►

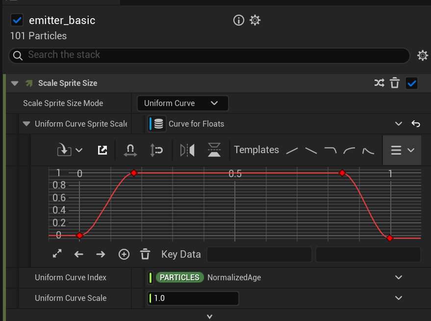 设置粒子从大变小的生命周期,在粒子更新组里,添加Scale Sprite size
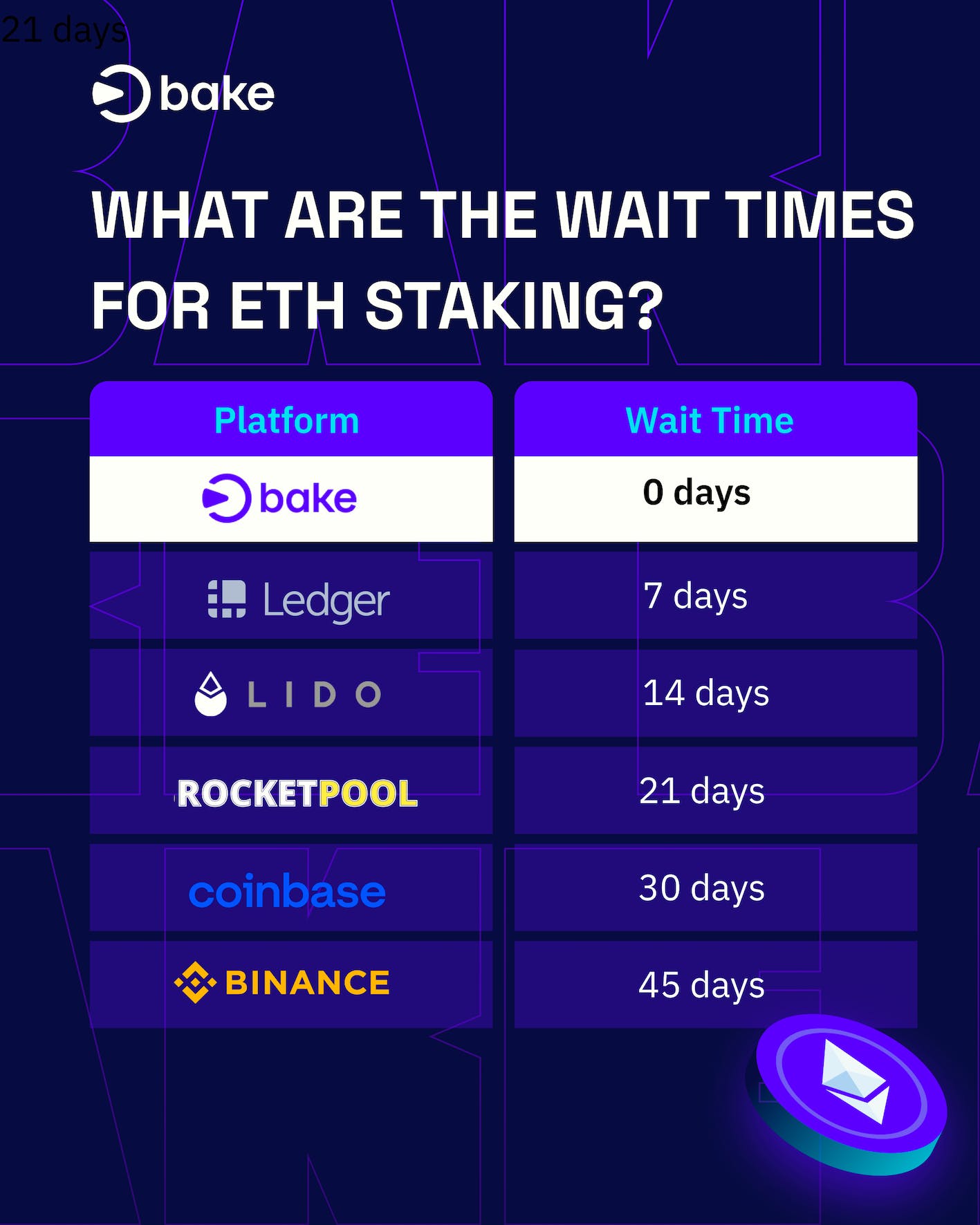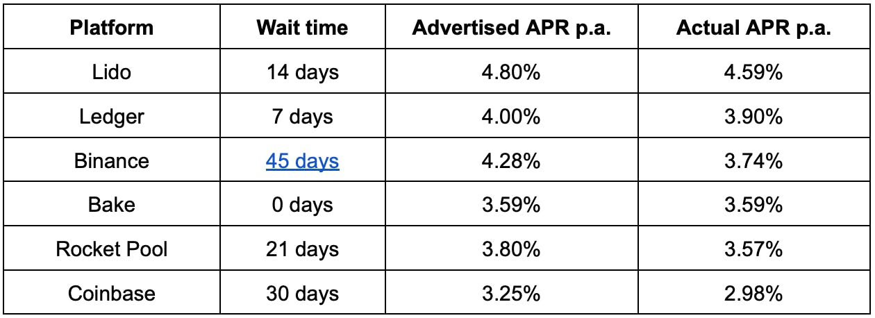 While all platforms (except Bake) have a waitlist, you can instantly stake your ETH on Bake and get a 45-day head start on your staking returns. So how much is 45 days of staking really worth when you compare other platforms paying a higher yield, but longer wait times?
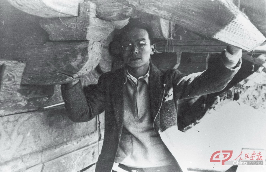 梁思成在转轮藏阁檐下测绘。
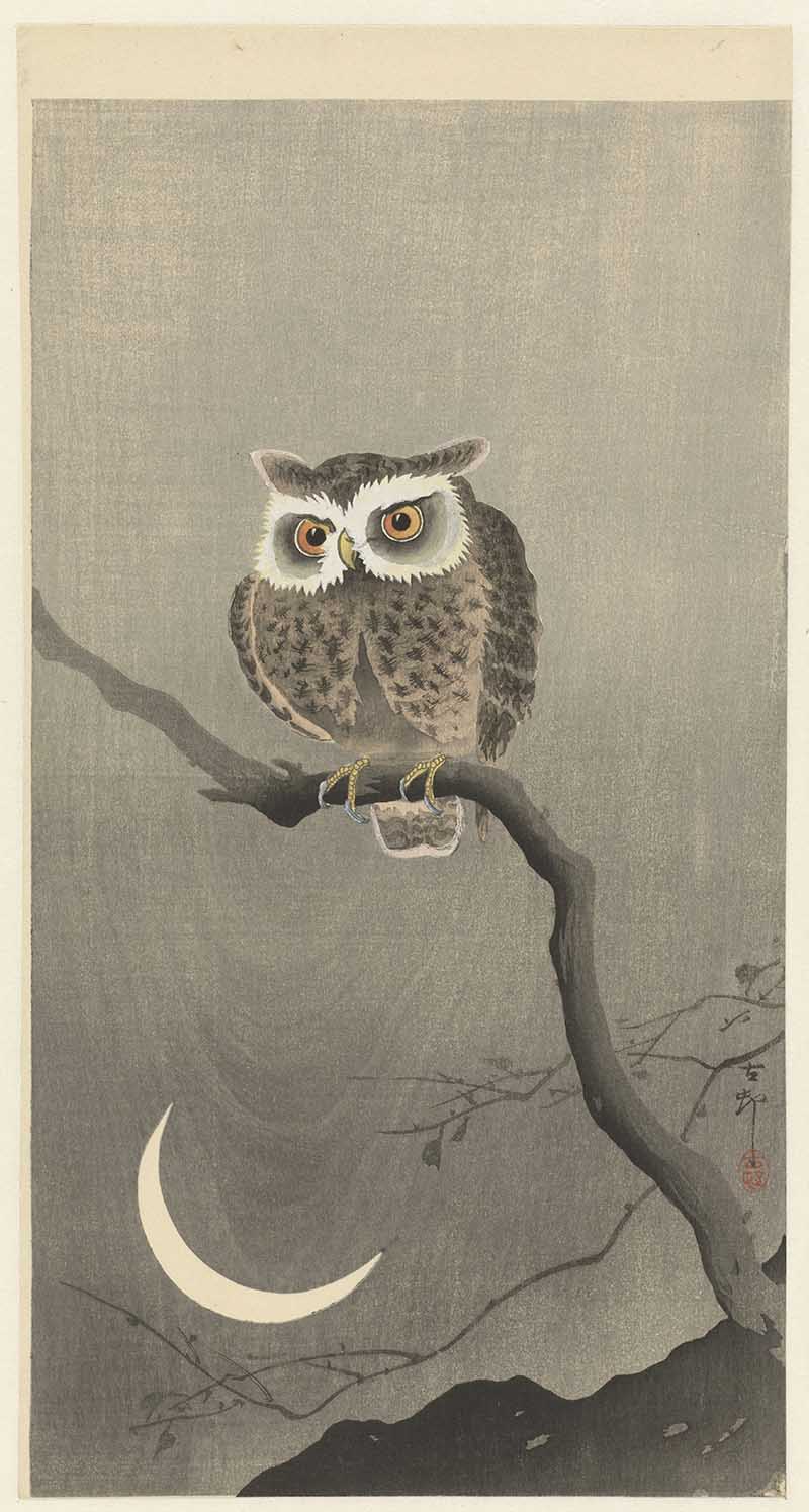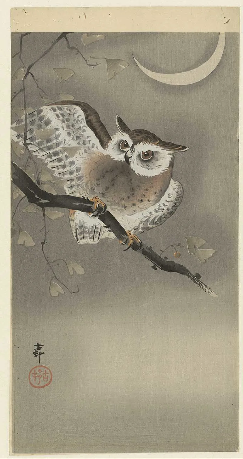 Koson’s owl paintings often carry an air of mystery. Owls are usually associated with wisdom and nighttime in many cultures. Koson captures this essence by painting them perched on tree branches or in front of the moon, with their large eyes being the focal point, adding depth and an enigmatic allure to the paintings.
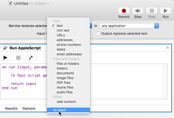 Then drag and drop "Run AppleScript" from the Utilities section:
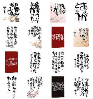 含蓄のある言葉が胸にささる。芸術的な文字が感動を呼ぶ。大人のスタンプです。
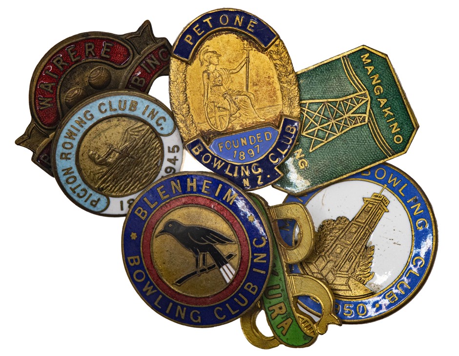 7 x NZ assorted gilt & enamel bowling club badges w/ pin-back including:
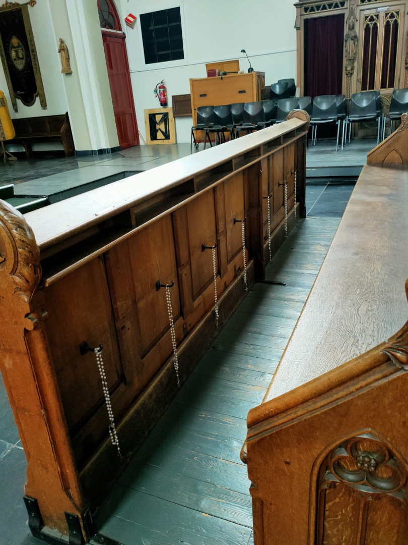 EEN KERK MET ROZENKRANSEN IN DE BANKEN
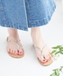 シルバーのフラットサンダルとペーパートートで合わせ、夏らしいコーディネートに。
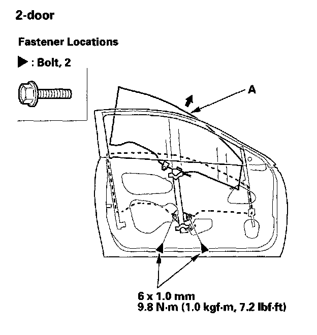4. Carefully raise the glass (A) until you can see the bolts, then remove them. Carefully pull the glass out through the window slot. Take care not to drop the glass inside the door.
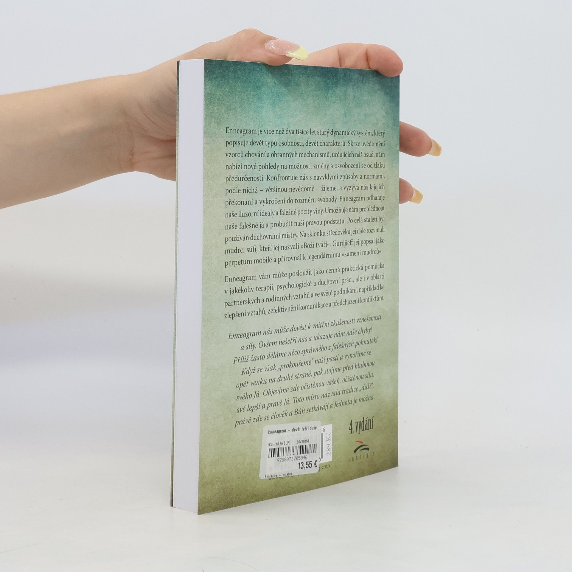 Enneagram, více než dva tisíce let starý dynamický systém, popisuje devět typů osobnosti, devět charakterů. Po celá staletí byl používán duchovními mistry. Enneagram vám může posloužit jako cenná praktická pomůcka v jakékoliv terapii, psychologické a duchovní práci, ale i v oblasti partnerských a rodinných vztahů a ve světě podnikání, například ke zlepšení vztahů, zefektivnění komunikace a předcházení konfliktům. Enneagram nás může vést k vnitřní zkušenosti vznešenosti a síly. Ovšem nešetří nás a ukazuje nám naše chyby! Příliš často děláme něco správného z falešných pohnutek! Když se však “prokoušeme naší pastí a vynoříme se opět venku na druhé straně, pak stojíme před hlubinou svého Já. Objevíme zde očistěnou vášeň, očistěnou sílu, své lepší a pravé Já. Toto místo nazvala tradice “duší, právě zde se člověk a Bůh setkávají, Jednota je možná a náboženství neznamená jen slova, výzvy, normy, dogmata, rituály a návštěvy bohoslužeb, nýbrž pravou zkušenost setkání. Rád předávám Enneagram dál, neboť jsem mohl na vlastní oči vidět, jak se lidé v tomto smyslu změnili. – Richard Rohr

◄

__Problem details__
Please return the records as they stand, word for word, with no pictures.

__Expected output__
 设置粒子从大变小的生命周期,在粒子更新组里,添加Scale Sprite size
 While all platforms (except Bake) have a waitlist, you can instantly stake your ETH on Bake and get a 45-day head start on your staking returns. So how much is 45 days of staking really worth when you compare other platforms paying a higher yield, but longer wait times?
 梁思成在转轮藏阁檐下测绘。
 Koson’s owl paintings often carry an air of mystery. Owls are usually associated with wisdom and nighttime in many cultures. Koson captures this essence by painting them perched on tree branches or in front of the moon, with their large eyes being the focal point, adding depth and an enigmatic allure to the paintings.
 Then drag and drop "Run AppleScript" from the Utilities section:
 含蓄のある言葉が胸にささる。芸術的な文字が感動を呼ぶ。大人のスタンプです。
 7 x NZ assorted gilt & enamel bowling club badges w/ pin-back including:
 EEN KERK MET ROZENKRANSEN IN DE BANKEN
 シルバーのフラットサンダルとペーパートートで合わせ、夏らしいコーディネートに。
4. Carefully raise the glass (A) until you can see the bolts, then remove them. Carefully pull the glass out through the window slot. Take care not to drop the glass inside the door.
 Enneagram, více než dva tisíce let starý dynamický systém, popisuje devět typů osobnosti, devět charakterů. Po celá staletí byl používán duchovními mistry. Enneagram vám může posloužit jako cenná praktická pomůcka v jakékoliv terapii, psychologické a duchovní práci, ale i v oblasti partnerských a rodinných vztahů a ve světě podnikání, například ke zlepšení vztahů, zefektivnění komunikace a předcházení konfliktům. Enneagram nás může vést k vnitřní zkušenosti vznešenosti a síly. Ovšem nešetří nás a ukazuje nám naše chyby! Příliš často děláme něco správného z falešných pohnutek! Když se však “prokoušeme naší pastí a vynoříme se opět venku na druhé straně, pak stojíme před hlubinou svého Já. Objevíme zde očistěnou vášeň, očistěnou sílu, své lepší a pravé Já. Toto místo nazvala tradice “duší, právě zde se člověk a Bůh setkávají, Jednota je možná a náboženství neznamená jen slova, výzvy, normy, dogmata, rituály a návštěvy bohoslužeb, nýbrž pravou zkušenost setkání. Rád předávám Enneagram dál, neboť jsem mohl na vlastní oči vidět, jak se lidé v tomto smyslu změnili. – Richard Rohr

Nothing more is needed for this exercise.